CHRONIC OBSTRUCTIVE PULMONARY DISEASE 5A
A 72-year-old man with chronic obstructive pulmonary disease (COPD) presents to the emergency department with progressively worsening shortness of breath. Using 2 L/min of oxygen at home, he is usually able to walk around the house without limitation. Over the past 4 days, however, he has had increasing dyspnea on exertion and increased cough productive of thick green sputum. He has not had chest pain or worsening of his chronic mild ankle edema. He had smoked 2 packs of cigarettes daily for the past 50 years. Previous pulmonary function tests (PFTs) demonstrated a decreased forced expiratory volume in 1 second (FEV1) and FEV1/FVC (forced vital capacity) ratio. Physical examination shows tachycardia, tachypnea, and decreased breath sounds with diffuse wheezing bilaterally. Arterial blood gas (ABG) analysis shows acidemia from a partially compensated respiratory acidosis. He is placed on noninvasive positive-pressure ventilation with marked improvement of his acidemia.
What are the salient features of this patient’s problem? How do you think through his problem?
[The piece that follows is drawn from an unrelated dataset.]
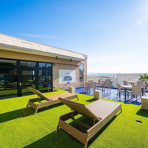 お食事後には、みなとみらいが一望できるインフィニティチェアでくつろげます!

Salient features: Worsening dyspnea; change in cough and sputum; home oxygen use; 100 pack-year smoking history; obstructive pattern on spirometry; wheezing and respiratory distress; lower extremity edema; acidemia with partially compensated respiratory acidosis; improvement on noninvasive positive pressure ventilation
How to think through: This patient with COPD presents in respiratory distress. Already on oxygen at home, he has little pulmonary reserve. What test best assesses the severity of his pulmonary status? (ABGs.) His ABGs show acute respiratory acidosis, and noninvasive positive-pressure ventilation is initiated. In addition to ventilatory support, what are the treatment priorities? (Corticosteroid, inhaled β-agonist, inhaled anticholinergic agents.) What clinical developments would necessitate transition to endotracheal intubation? (Altered mental status, failure to decrease PaCO2.) When the patient has recovered to baseline, what therapies decrease COPD exacerbations? (Smoking cessation, inhaled corticosteroids, influenza and pneumococcal vaccinations.) What other therapy decreases the mortality rate? (Home oxygen.)
CHRONIC OBSTRUCTIVE PULMONARY DISEASE 5B
What are the essentials of diagnosis and general considerations regarding chronic obstructive pulmonary disease?
Essentials of Diagnosis
History of cigarette smoking
Chronic cough, dyspnea, and sputum production
Rhonchi, decreased intensity of breath sounds, and prolonged expiration on physical examination
Airflow limitation on PFT
General Considerations
Airflow obstruction is caused by chronic bronchitis, emphysema, or both.
Obstruction is progressive and may be accompanied by airway hyperreactivity, which is partially reversible.
Chronic bronchitis is characterized by excessive mucous secretions with productive cough for 3 months or more in at least 2 consecutive years.
Emphysema is abnormal enlargement of air spaces distal to terminal bronchiole with destruction of bronchial walls without fibrosis.
Cigarette smoking is the most important cause; 80% of patients have tobacco smoke exposure.